Competitive programming company

HackerRank is a technology company that offers competitive programming services where computer programmers compete by writing programs according to provided specifications. HackerRank's programming challenges can be solved in multiple programming languages, and these challenges are sorted into different computer science fields.

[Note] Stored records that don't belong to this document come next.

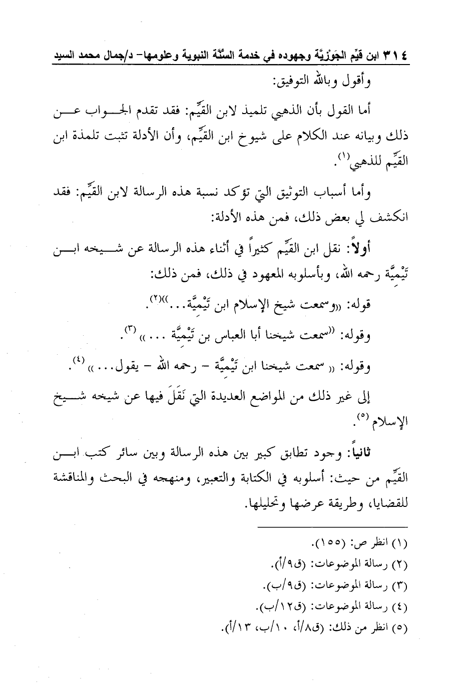 وأما أسباب التوثيق التي تؤكد نسبة هذه الرسالة لابن القَيِّم: فقد انكشف لي بعض ذلك، فمن هذه الأدلة:
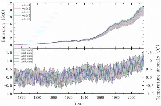 Since the sensitive parameters can affect the output of the model (the most sensitive one can make a temperature difference more than 0.4 °C or more than 10%), a stricter parameters’ range is needed. To that end, we consider the inputs of the MiCES model as random variables and analyzed the ensembles of simulations with distributions of emission and temperature. According to Gütschow et al. [], we consider the uncertainty range of emissions as 14%, and the uncertainty range of temperature comes from Frank [] as ±0.46 °C. Then we run the model multiple times with randomly picked N emissions and N temperatures in their uncertainty range to obtain the parameter uncertainty. As shown in Figure 3, temperature samples produced by getting each time point as a random temperature, while the emission samples are produced by changing the whole series to a random rate. Since only the uncertainty of CO2 emissions is considered, only the parameters directly connected with CO2 are calculated.
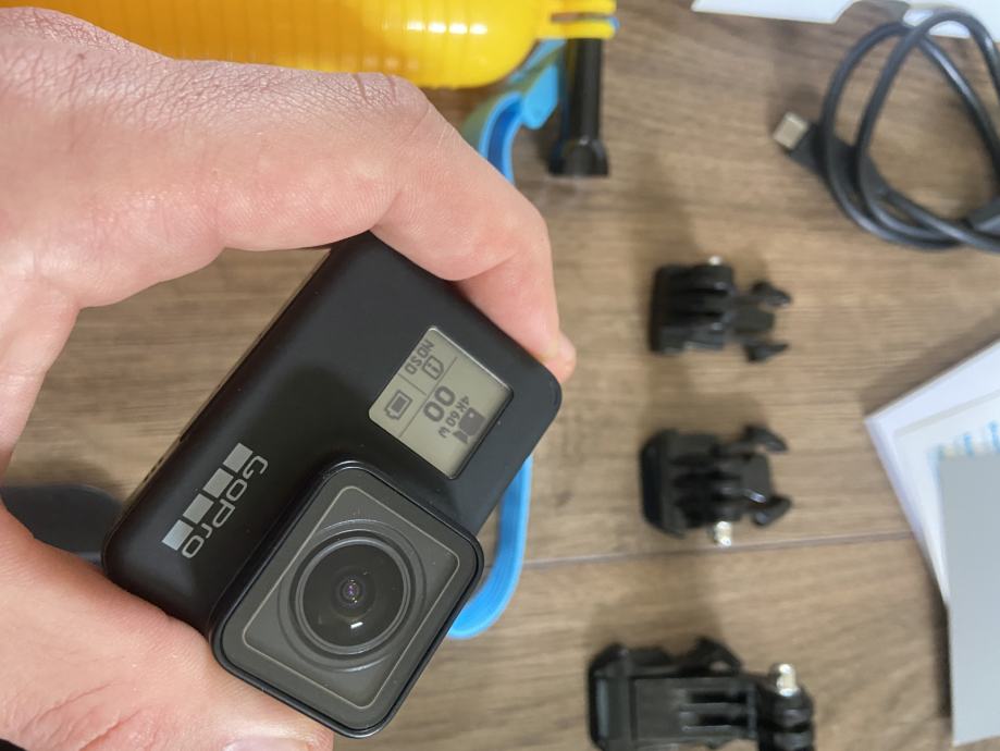 prodam gopro hero 7 black 2x kupljeno novo dodam racun lepo ohranjeno malo rabljeno vse skupaj mogoce 10x se vidi iz slik da je kamera kot nova, v kompletu je kamera polnilec racun in se nekaj setov na namestitev kamere in baterija dodam se tudi nekaj nastavkov in nalepk
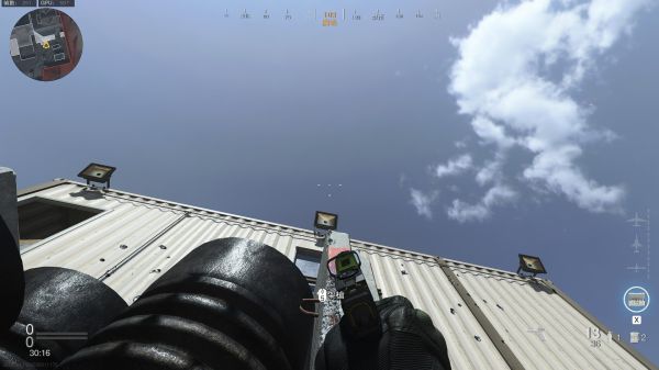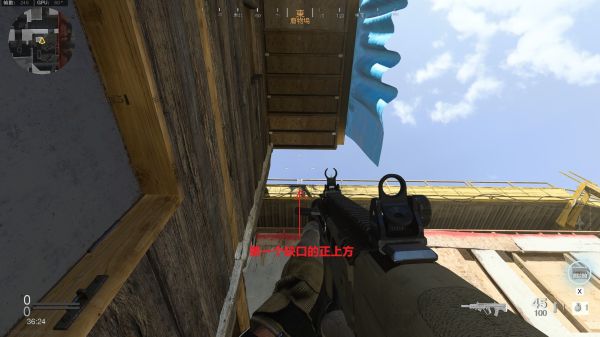 然后准星沿着图片这条线垂直抬头(一点都不能偏),准星抬到于图片差不多(这里需要按照自己对抛物线的感觉)就可以投出破片手雷了。
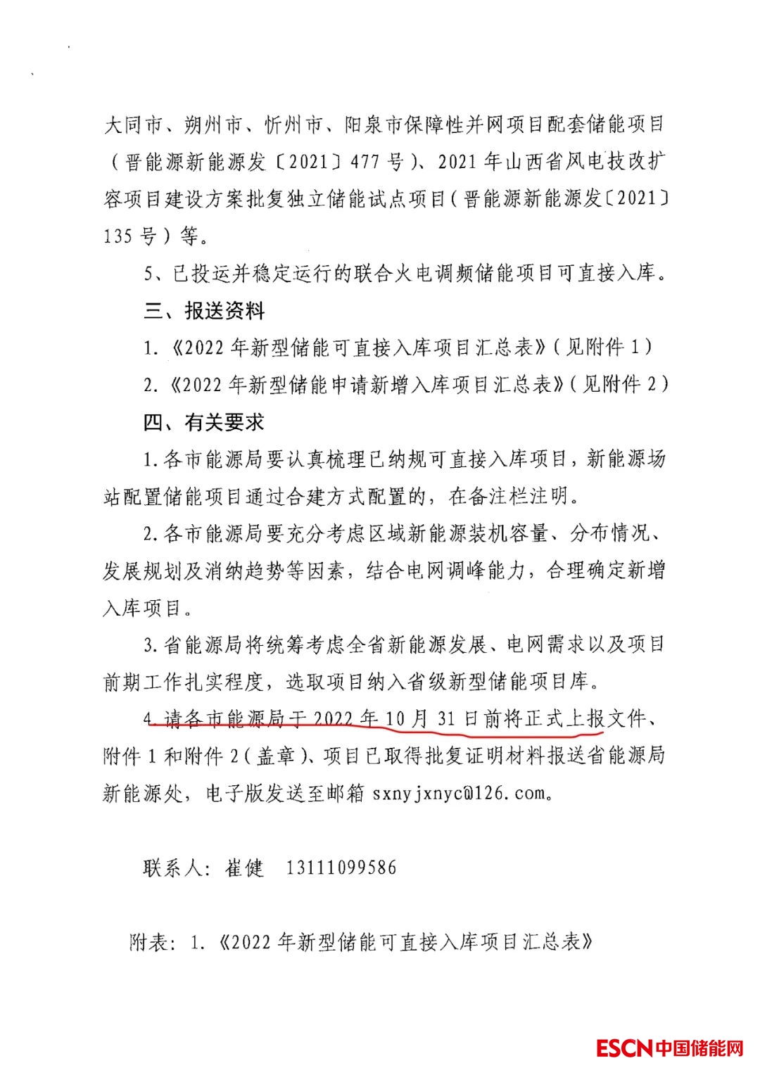 其中,入庫要求顯示,已批復(fù)儲能項目可直接入庫,包括:已納入首批“新能源+儲能“試點示范項目(晉發(fā)改能源發(fā)(2021)497號)、2021年大同市、朔州市、忻州市、陽泉市保障性并網(wǎng)項目配套儲能項目(晉能源新能源發(fā)(2021)477號)、2021年山西省風(fēng)電技改擴容項目建設(shè)方案批復(fù)獨立儲能試點項目(晉能源新能源發(fā)(2021)135號)等;已投運并穩(wěn)定運行的聯(lián)合火電調(diào)頻儲能項目可直接入庫。
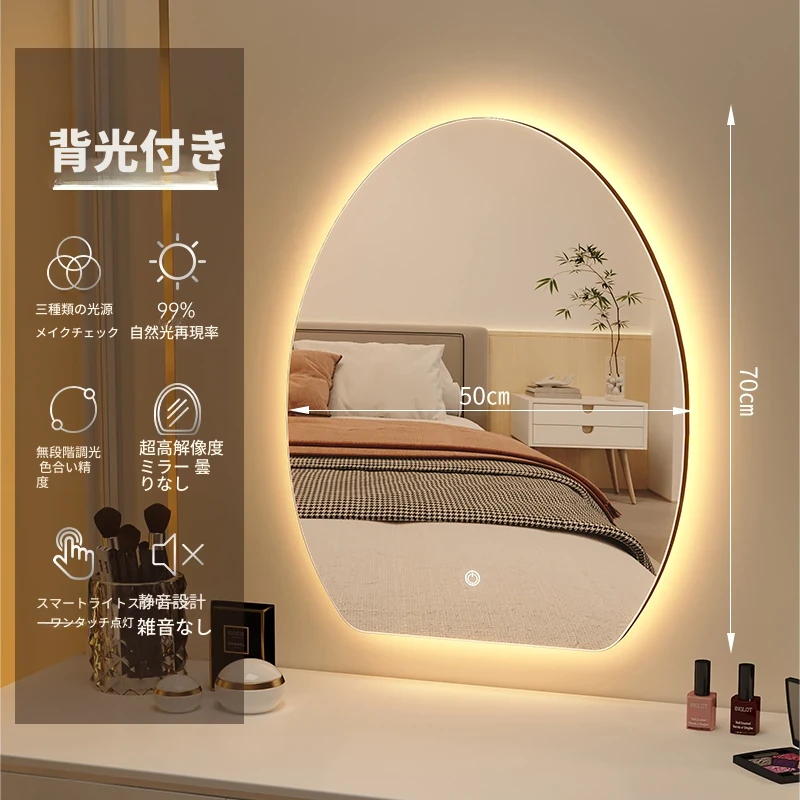 【背面光タイプ】【壁掛けタイプ】50*70cm【三色光+明るさ調整可】
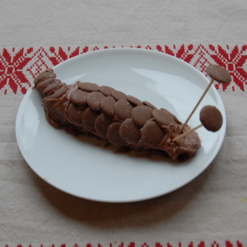 Joe: The Armadillo Thing (my mum thought was a slug!) As I wandered around the house looking for food I stumbled into the kitchen and came across Carla and Emma making a hedgehog cake. I sidled over to ‘borrow’ a slice they weren’t using but upon seeing what they’d made I thought I’d have a go myself. My first idea was to construct a dolphin with the help of their delicious icing but I then veered off in a completely different direction. The new idea started out as an armadillo but once I had plated its back with chocolate buttons like scales I realised that I had run out of buttons and the rest of the cake was in crumbs. Thwarted, I had to make do with the final two buttons stuck on cocktail sticks like big googly eyes.
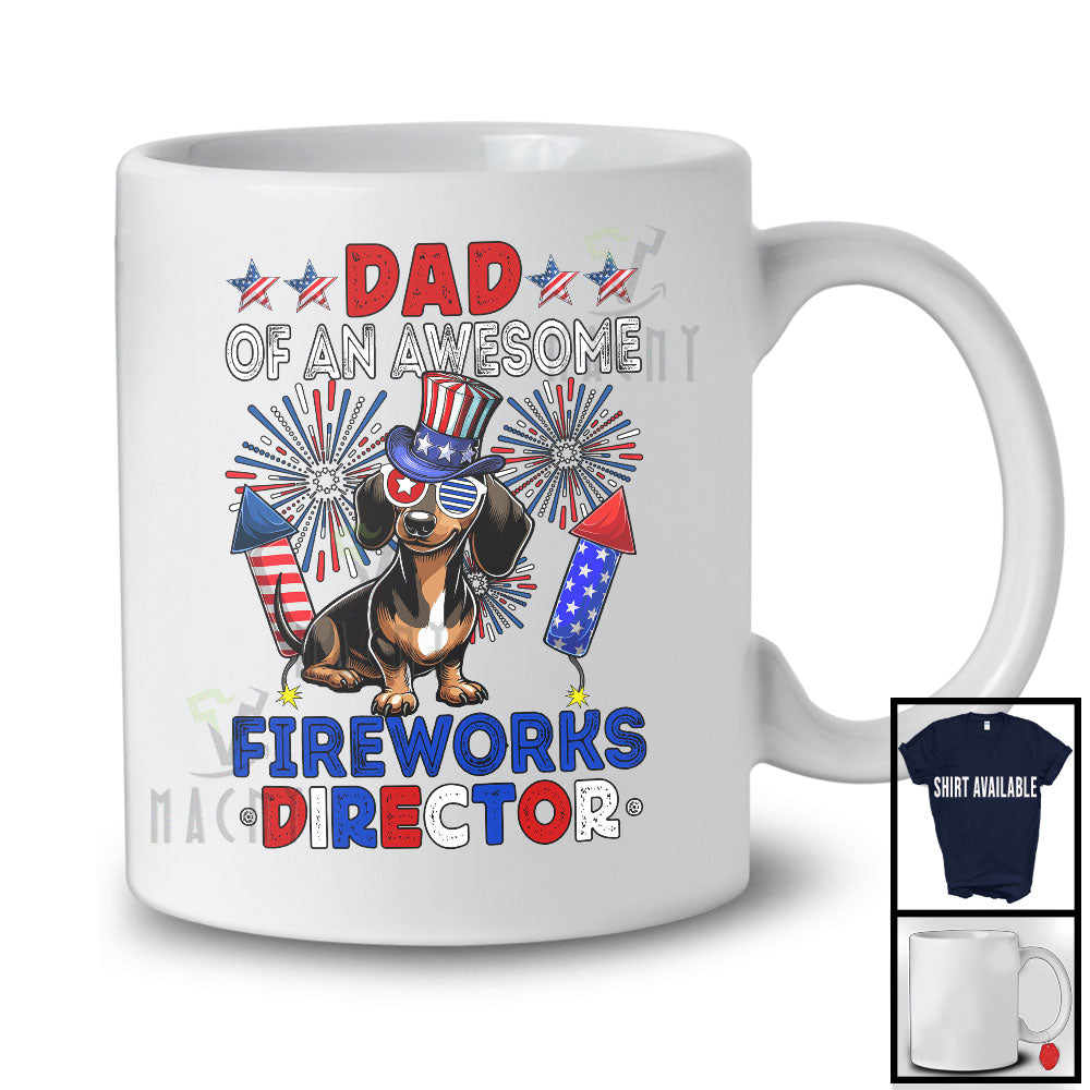 Dad Of An Awesome Fireworks Director, Lovely 4th Of July Dachshund, Fireworks Patriotic T-Shirt. This cotton t-shirt is a durable staple product with a classic fit. One of the most popular items, it has a relaxed style made for everyday and casual wear.
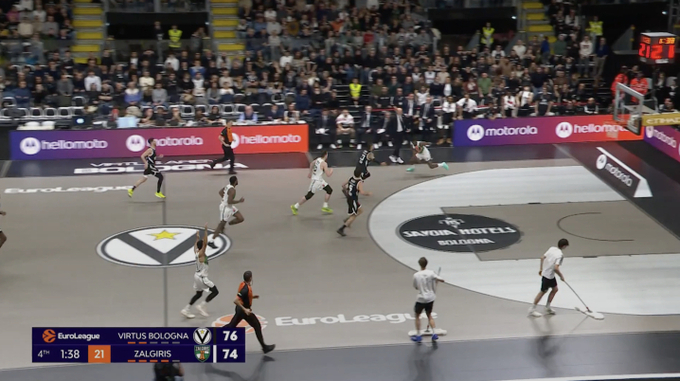 «Жальгирис» несколько раз сталкивался с помехами в четвертой четверти, когда сотрудники арены находились на площадке во время игры. Один из таких эпизодов произошел за три минуты до конца матча, когда Мозес Райт пытался выполнить данк, еще один — за полторы минуты до финальной сирены, когда «Жальгирис» разгонял быстрый отрыв.
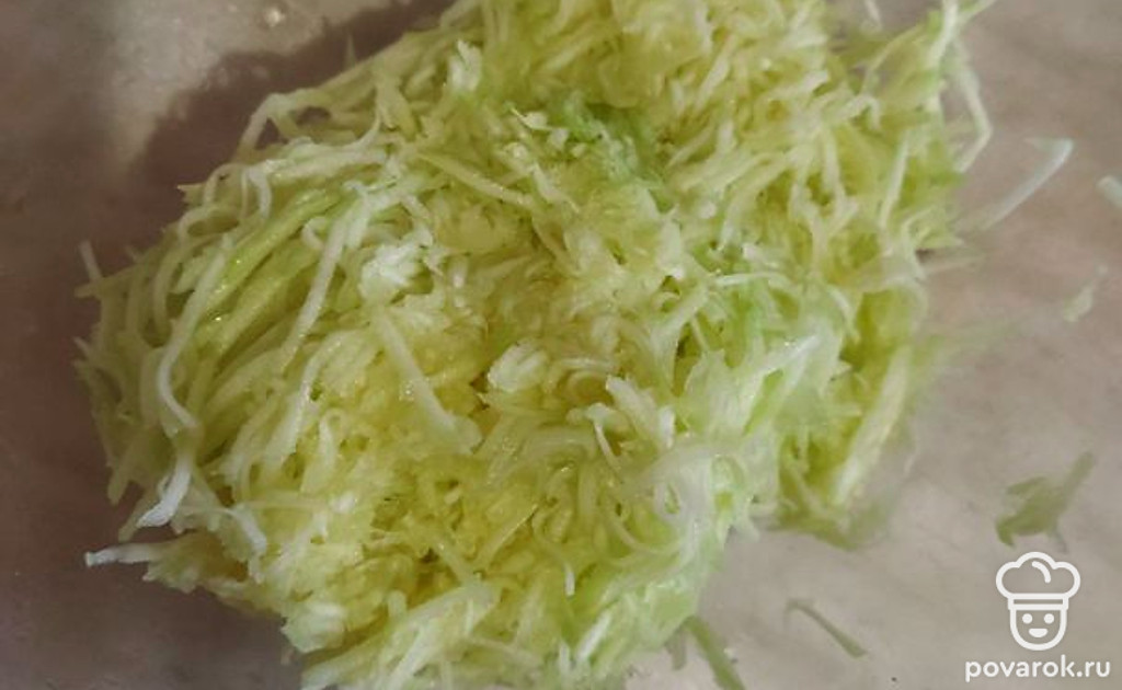 Натрите кабачок на треке, посолите и выложите на дуршлаг. Оставьте минут на 10, чтобы стек лишний сок.
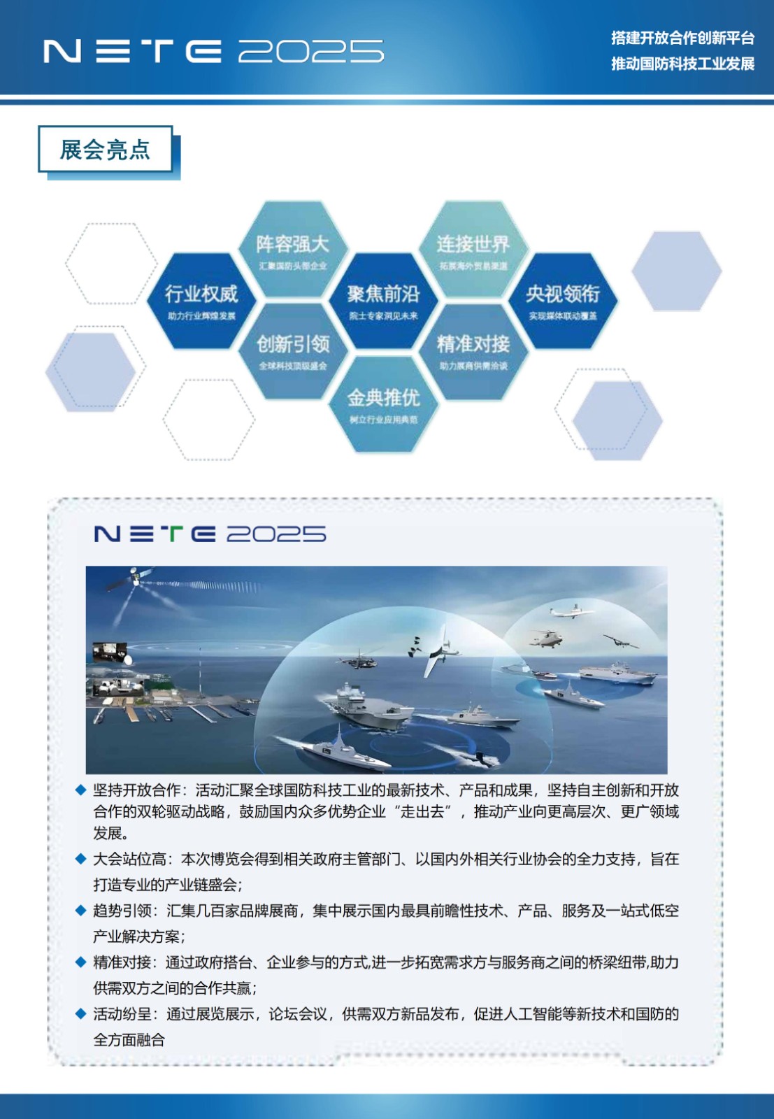 本届博览会规划三万平米,将邀请政府、协会、科研机构以及企业等广泛参与,汇聚了全球国防科技产业的最新技术、产品和成果,为行业内的企业和专家提供一个交流、合作和学习的平台,进一步学习国内外先进技术及经验,推动产学研用深度融合,促进项目快速落地发展,为产业的可持续发展提供有力支撑。旨在打造国际品牌盛会,搭起行业的新架构和新引擎。
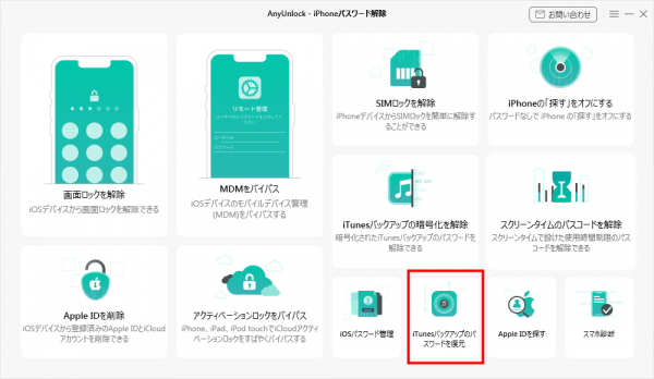 Step 1.AnyUnlockを起動して、「iTunesバックアップのパスワードを復元」機能に入ります。
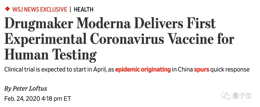 《华尔街日报》刚刚报道,美国制药公司Moderna,已经成功研制出针对新冠病毒肺炎——SARS-CoV-2的人体疫苗,并已将第一批疫苗送美国国家卫生研究院开启安全性临床试验。
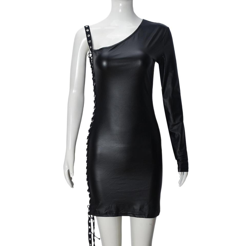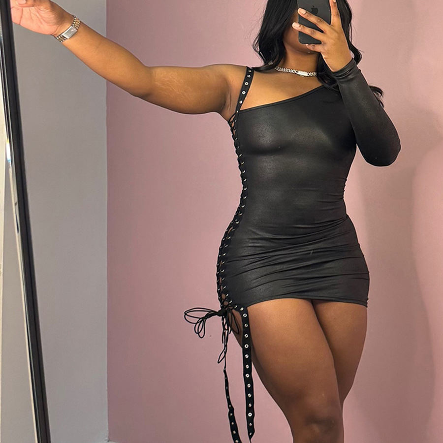 Nuovo Arrivo: Mini Abito Sexy Nero con Manica Lunga Monospalla e Cinturino Aderente, Moda Femminile
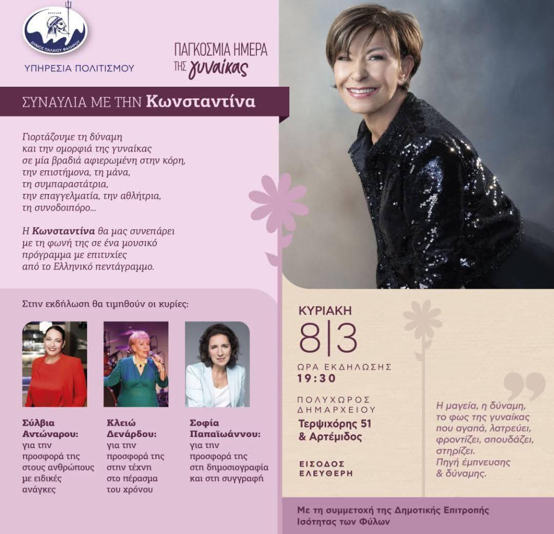 Με πρωταγωνίστρια της βραδιάς την Κωνσταντίνα την οποία το κοινό θα έχει την ευκαιρία να απολαύσει σε μία και μοναδική συναυλία με την Κωνσταντίνα, ερμηνεύοντας δικές της – και όχι μόνο – επιτυχίες.
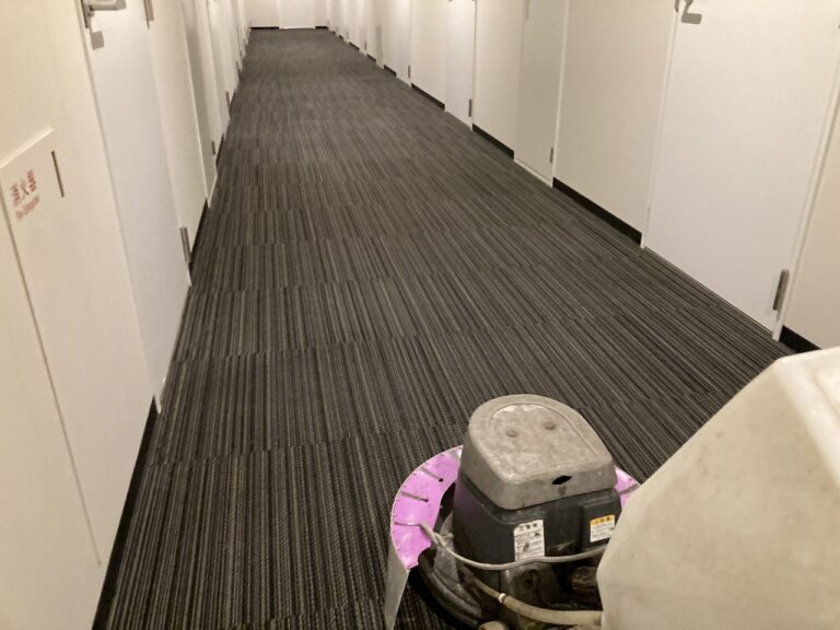 会社の寮のカーペットの清掃。部分的に汚れが酷いところもあるのでキレイに洗浄を行いました。
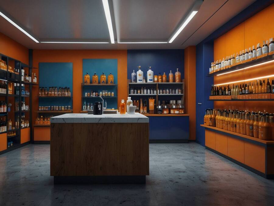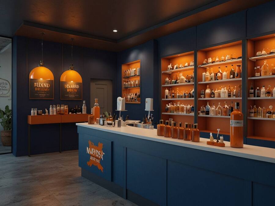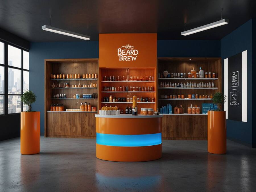 Промпт: a shop for a company that sells elixirs in an orange bottles that helps grow facial hair named beard brew, use orange, white and blue colours

Programmers are automatically scored and ranked globally based on their performance in these challenges. In addition to individual coding challenges, HackerRank also hosts contests where users compete on the same programming challenges during a set period of time and are then ranked at the conclusion of the event. These challenges are a form of gamification. The consumer side of their website is free for coders to use.

== History ==
HackerRank was founded as InterviewStreet Inc. by two NIT Trichy alumni, Vivek Ravisankar and Hari Karunanidhi. HackerRank is a Y Combinator-backed company, and was the first Indian company accepted into Y Combinator. They also participated in TechCrunch Disrupt in 2012.

In July 2015, HackerRank received $7.5 million funding from Japanese firm Recruit Holdings’ HR technology fund. On February 13, 2018 HackerRank announced it had raised $30 million in Series C funding, led by JMI Equity.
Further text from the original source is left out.